= Projective harmonic conjugate =

Point found separated from another, given a point pair

D is the harmonic conjugate of C with respect to A and B.
A, D, B, C form a harmonic range.
KLMN is a complete quadrangle generating it.

In projective geometry, the harmonic conjugate point of a point on the real projective line with respect to two other points is defined by the following construction:
Given three collinear points A, B, C, let L be a point not lying on their join and let any line through C meet LA, LB at M, N respectively. If AN and BM meet at K, and LK meets AB at D, then D is called the harmonic conjugate of C with respect to A and B.

The point D does not depend on what point L is taken initially, nor upon what line through C is used to find M and N. This fact follows from Desargues theorem.

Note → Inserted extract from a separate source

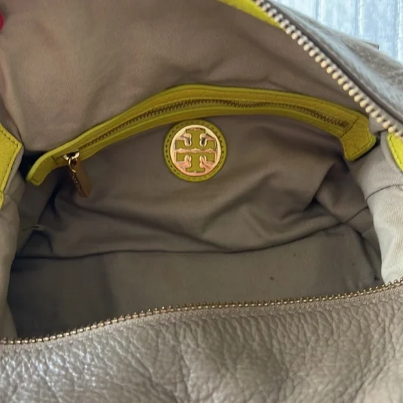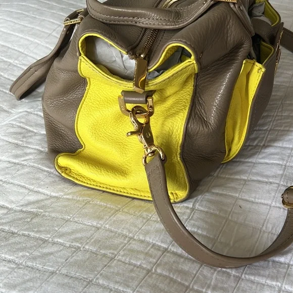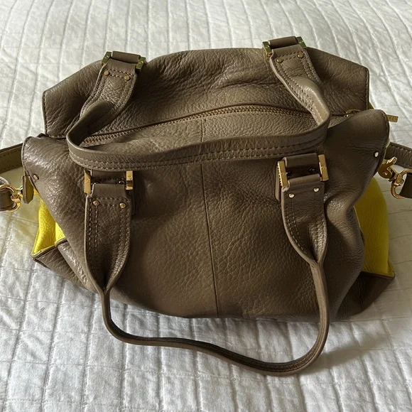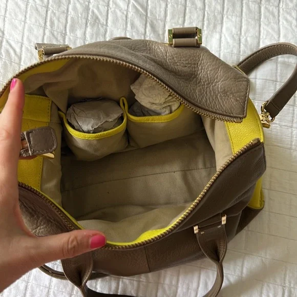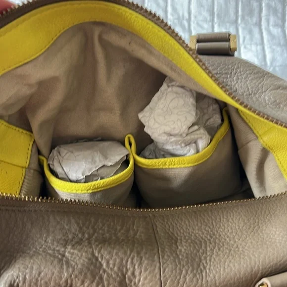 Light tan and yellow soft leather bag. Exterior pocket with clasp closure. Two short handles and one shoulder strap. Interior top zip with two open pockets and one zippered...

In real projective geometry, harmonic conjugacy can also be defined in terms of the cross-ratio as (A, B; C, D) = −1.

==Cross-ratio criterion==
The four points are sometimes called a harmonic range (on the real projective line) as it is found that D always divides the segment AB internally in the same proportion as C divides AB externally. That is:

$$\overline{AC}:\overline{BC} = \overline{AD}:\overline{DB} \, .$$

If these segments are now endowed with the ordinary metric interpretation of real numbers they will be signed and form a double proportion known as the cross ratio (sometimes double ratio)

$(A,B;C,D) = \frac{\overline{AC}}{\overline{AD}} \left/ \frac{\overline{BC}}{-\overline{DB}} \right. ,$

for which a harmonic range is characterized by a value of −1. We therefore write:

$(A,B;C,D) = \frac{\overline{AC}}{\overline{AD}} \times \frac{\overline{BD}}{\overline{BC}} = -1 .$

The value of a cross ratio in general is not unique, as it depends on the order of selection of segments (and there are six such selections possible). But for a harmonic range in particular there are just three values of cross ratio: {−1, 1/2, 2}, since −1 is self-inverse – so exchanging the last two points merely reciprocates each of these values but produces no new value, and is known classically as the harmonic cross-ratio.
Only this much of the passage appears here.